I was born in 1943 and was fascinated looking round the still complete camp as a young boy. I remember being shown the concrete hardstanding where the aircraft were refuelled. Nearby was a Cotswold stone barn (no longer existing) which had bullet holes in the tin roof. The bomber had sprayed the area where the aircraft were parked, hitting the barn too. The control tower and navigation hut not longer exist, they were demolished to make way for more buildings when Mill Engineers moved to the site. Most of the dispersed collection of huts and buildings have been knocked down and trees planted, in an attempt to disguise and break up the remaining concrete bases. There were at least 4 or 5 blister type hangers, with two remaining today. The larger hangar was used after the war for storing tons of billets of aluminium, no doubt the result of melting down surplus aircraft. Sacks of maize were also stored there at one time, also a large quantity of radio valves - these were systematically being stolen, resulting in some arrests! One winter, Black and White coaches stored buses there, and on another occasion Rootes Group over-produced cars and stored the surplus there.
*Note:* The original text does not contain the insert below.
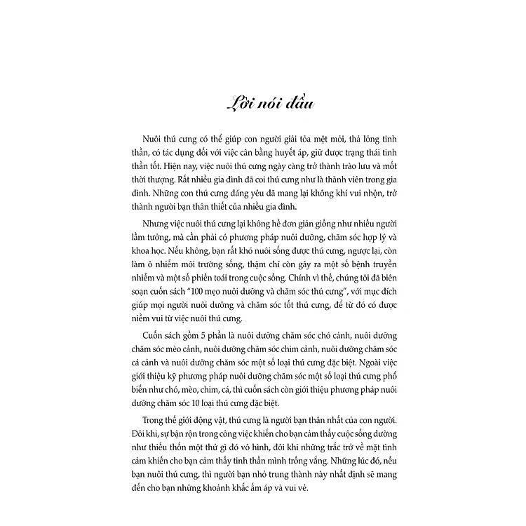 Nhưng việc nuôi thú cưng lại không hề đơn giản giống như nhiều người lầm tưởng, mà cần phải có phương pháp nuôi dưỡng, chăm sóc hợp lý và khoa học. Nếu không, bạn rất khó nuôi sống được thú cưng, ngược lại, còn làm ô nhiễm môi trường sống, thậm chí còn gây ra một số bệnh truyền nhiễm và một số phiền toái trong cuộc sống. Chính vì thế, chúng tôi đã biên soạn cuốn sách “100 mẹo nuôi dưỡng và chăm sóc thú cưng”, với mục đích giúp mọi người nuôi dưỡng và chăm sóc tốt thú cưng, để từ đó có được niềm vui từ việc nuôi thú cưng.

I remember a notice painted on a large wooden board stating that spitfires were to be left facing the doors. Some of the buildings on the other sites were used to store Spitfire belly drop tanks, which were later disposed of, but some of the village lads managed to get hold of some to use as rafts on the river. I later had one myself. It was silver in colour and in 1” letters said SPITFIRE ONLY, 100 OCTANE.

The old rifle range on the airfield still exists. As children we would sift through the sand where the targets were placed to find spent bullets. The runways were made by pegging down steel grids, which were locked together to form a stable runway, through which the grass could grow. I still have three of these grids, on which I store firewood! The pegs to anchor them to the ground were about 18” long, shaped like a shepherd’s crook and about 1/2” square with a sharp point. Not all were recovered when the grids were removed after the war, occasionally one would be ploughed up many years later.

In the hedge at the end of one of the runways there are the remains of what I was told by my father was a machine-gun nest, used for the defence of the airfield. To my mind it seems too small for this, and I wonder if it was perhaps part of a beacon used for the blind landing system in use at the time….

The old red-brick guard room still exists (in a dilapidated state) - and several other old buildings are still on the airfield, including the old transport shed, I have an old map of the farm, showing the airfield and the orientation of the runways. A lot of people were killed on or around the airfield and it would be very fitting to have a memorial in memory of those who lost their lives here.


Looking across Bibury airfield, 10 April 2015.